Records drawn from a dataset:
BEGIN

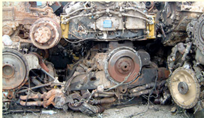
Example of Tecmotiv's dirty challenges that are comprised of military vehicle parts.

Vehicle parts and assemblies that Tecmotiv remanufactures often arrive exceptionally dirty, and the company was experiencing difficulties cleaning parts consistently and cost-effectively. Surface cleaning operations presented a substantial production bottleneck that was severely limiting revenue growth.
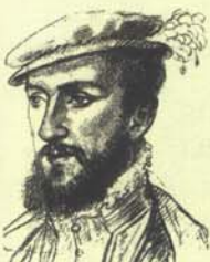
Gaspard de Coligny (1516-72) Admiral of France and prominent Huguenot, was supported by Catherine de Medici in his plan to colonize New France with Huguenots.
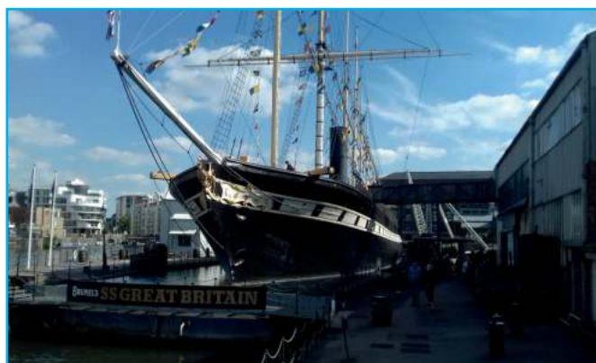
Brunel's SS Great Britain September 2018
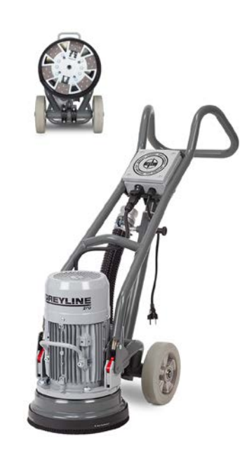
HTC GREYLINE™ 270 / 270 HD
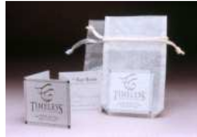
An organza gift bag & story card like those shown above come with each tear
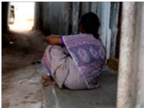
Satya photo from behind

*Name changed to respect identity and privacy
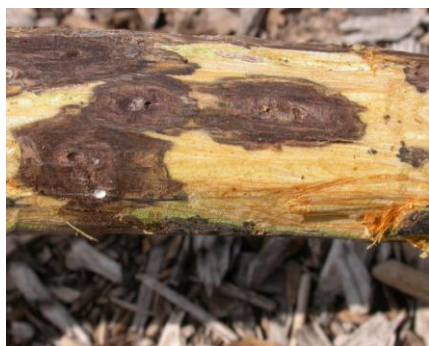
Figure 2. Coalescing branch cankers produced by Geosmithia . Note the whitish sporulation of Geosmithia in lower left gallery.
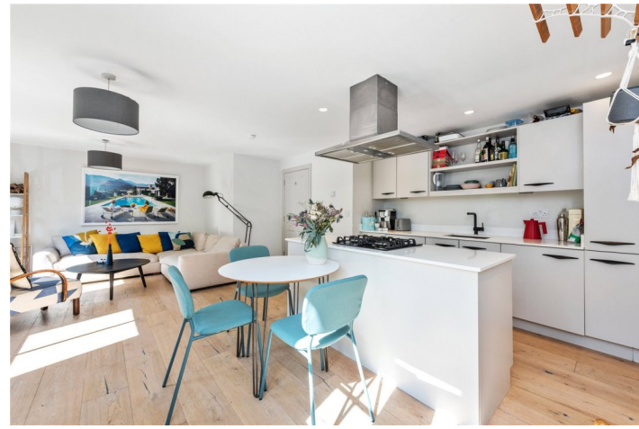
CLAPTON SQUARE, LONDON, E5 'OFFERS IN EXCESS OF' £650,000 LEASEHOLD
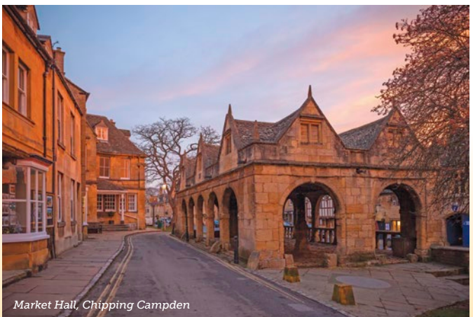
Market Hall, Chipping Campden
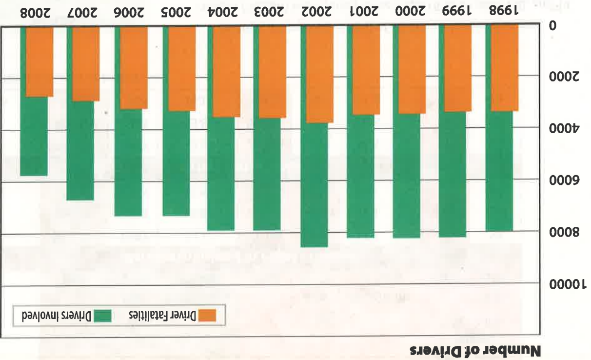
Graph Driver Fatalities and Drivers Involved in Fatal Crashes Among 15- to 20-Year Old Drivers, 1998-2008
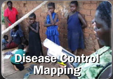
Disease Control Mapping
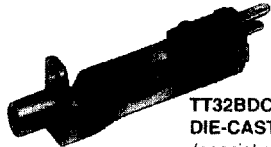
TT32BDC DIE-CAST FRAME (special order only)
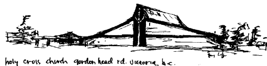
holy cross church garden head rd. victoria, b.c.

END

Aim of the exercise ▸
Output all of the data exactly as it stands, minus any images.

Worked solution ▸
Example of Tecmotiv's dirty challenges that are comprised of military vehicle parts.

Vehicle parts and assemblies that Tecmotiv remanufactures often arrive exceptionally dirty, and the company was experiencing difficulties cleaning parts consistently and cost-effectively. Surface cleaning operations presented a substantial production bottleneck that was severely limiting revenue growth.
Gaspard de Coligny (1516-72) Admiral of France and prominent Huguenot, was supported by Catherine de Medici in his plan to colonize New France with Huguenots.
Brunel's SS Great Britain September 2018
HTC GREYLINE™ 270 / 270 HD
An organza gift bag & story card like those shown above come with each tear
Satya photo from behind

*Name changed to respect identity and privacy
Figure 2. Coalescing branch cankers produced by Geosmithia . Note the whitish sporulation of Geosmithia in lower left gallery.
CLAPTON SQUARE, LONDON, E5 'OFFERS IN EXCESS OF' £650,000 LEASEHOLD
Market Hall, Chipping Campden
Graph Driver Fatalities and Drivers Involved in Fatal Crashes Among 15- to 20-Year Old Drivers, 1998-2008
Disease Control Mapping
TT32BDC DIE-CAST FRAME (special order only)
holy cross church garden head rd. victoria, b.c.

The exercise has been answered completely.